TASK DESCRIPTION: With the pictures left out, restate exactly the part below that opens with the line containing "티웨이항공 2025 수험생 할인 프로모션 혜택" and closes with the line containing "Vendo Anker SOLIX".

SOURCE INFORMATION:
%%

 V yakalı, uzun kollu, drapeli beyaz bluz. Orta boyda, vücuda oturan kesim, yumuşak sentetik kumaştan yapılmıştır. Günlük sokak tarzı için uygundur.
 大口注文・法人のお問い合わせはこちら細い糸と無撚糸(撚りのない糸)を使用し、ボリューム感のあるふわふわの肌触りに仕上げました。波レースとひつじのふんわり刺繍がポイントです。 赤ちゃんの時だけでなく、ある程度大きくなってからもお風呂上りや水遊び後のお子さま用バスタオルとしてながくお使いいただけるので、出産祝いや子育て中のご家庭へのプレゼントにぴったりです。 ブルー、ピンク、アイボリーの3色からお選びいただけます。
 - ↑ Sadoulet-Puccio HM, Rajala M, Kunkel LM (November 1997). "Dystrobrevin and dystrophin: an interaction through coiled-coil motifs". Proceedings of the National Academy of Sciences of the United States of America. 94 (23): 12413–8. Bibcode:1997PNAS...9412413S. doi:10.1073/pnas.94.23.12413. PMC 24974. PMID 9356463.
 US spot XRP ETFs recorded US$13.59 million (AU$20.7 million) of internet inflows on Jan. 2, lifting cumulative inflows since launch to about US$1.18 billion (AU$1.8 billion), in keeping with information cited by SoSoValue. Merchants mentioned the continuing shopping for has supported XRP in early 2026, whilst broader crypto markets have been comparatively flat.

%%
%%

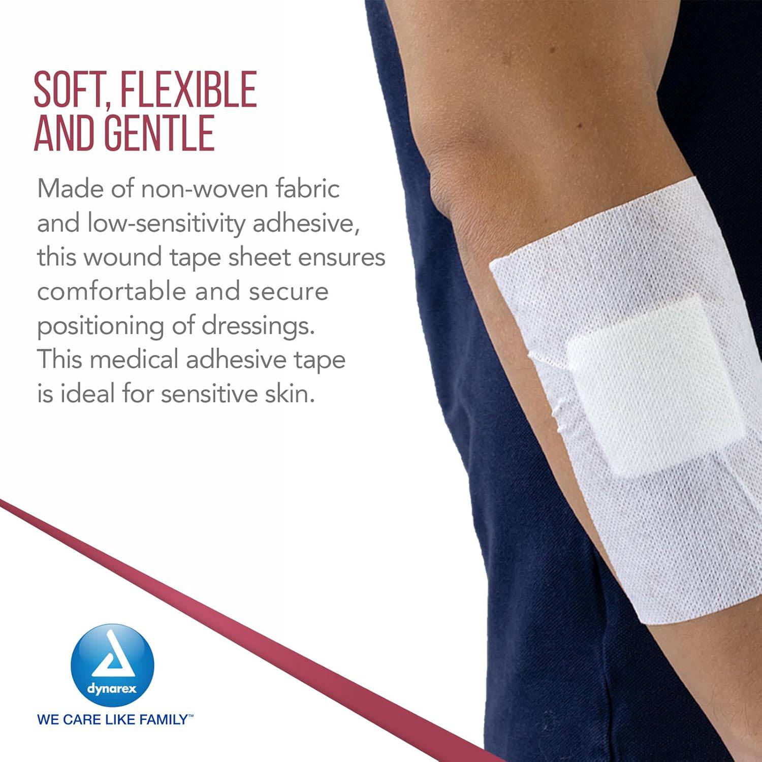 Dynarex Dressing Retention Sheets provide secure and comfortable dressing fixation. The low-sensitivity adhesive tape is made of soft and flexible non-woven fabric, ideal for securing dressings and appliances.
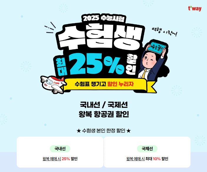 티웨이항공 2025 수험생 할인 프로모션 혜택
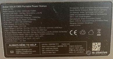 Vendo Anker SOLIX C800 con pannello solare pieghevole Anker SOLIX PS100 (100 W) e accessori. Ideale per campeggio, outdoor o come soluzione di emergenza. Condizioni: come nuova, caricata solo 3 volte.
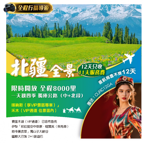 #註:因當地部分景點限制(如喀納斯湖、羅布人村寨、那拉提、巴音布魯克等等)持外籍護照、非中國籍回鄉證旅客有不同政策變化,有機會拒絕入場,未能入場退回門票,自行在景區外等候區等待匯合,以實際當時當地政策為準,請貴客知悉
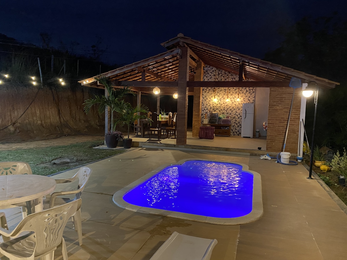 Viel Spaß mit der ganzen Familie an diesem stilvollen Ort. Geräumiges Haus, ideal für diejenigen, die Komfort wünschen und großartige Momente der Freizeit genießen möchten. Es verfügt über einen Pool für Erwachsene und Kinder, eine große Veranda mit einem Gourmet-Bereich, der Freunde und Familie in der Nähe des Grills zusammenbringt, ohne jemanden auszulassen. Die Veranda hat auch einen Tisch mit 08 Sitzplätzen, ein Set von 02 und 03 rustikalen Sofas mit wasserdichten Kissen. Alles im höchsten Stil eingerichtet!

%%
%%

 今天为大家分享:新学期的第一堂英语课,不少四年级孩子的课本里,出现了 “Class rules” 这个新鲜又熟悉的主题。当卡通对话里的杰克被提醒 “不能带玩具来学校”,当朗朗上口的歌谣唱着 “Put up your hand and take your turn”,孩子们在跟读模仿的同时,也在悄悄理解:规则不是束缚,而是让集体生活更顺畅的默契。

%%

REPLY:
 티웨이항공 2025 수험생 할인 프로모션 혜택
 Vendo Anker SOLIX C800 con pannello solare pieghevole Anker SOLIX PS100 (100 W) e accessori. Ideale per campeggio, outdoor o come soluzione di emergenza. Condizioni: come nuova, caricata solo 3 volte.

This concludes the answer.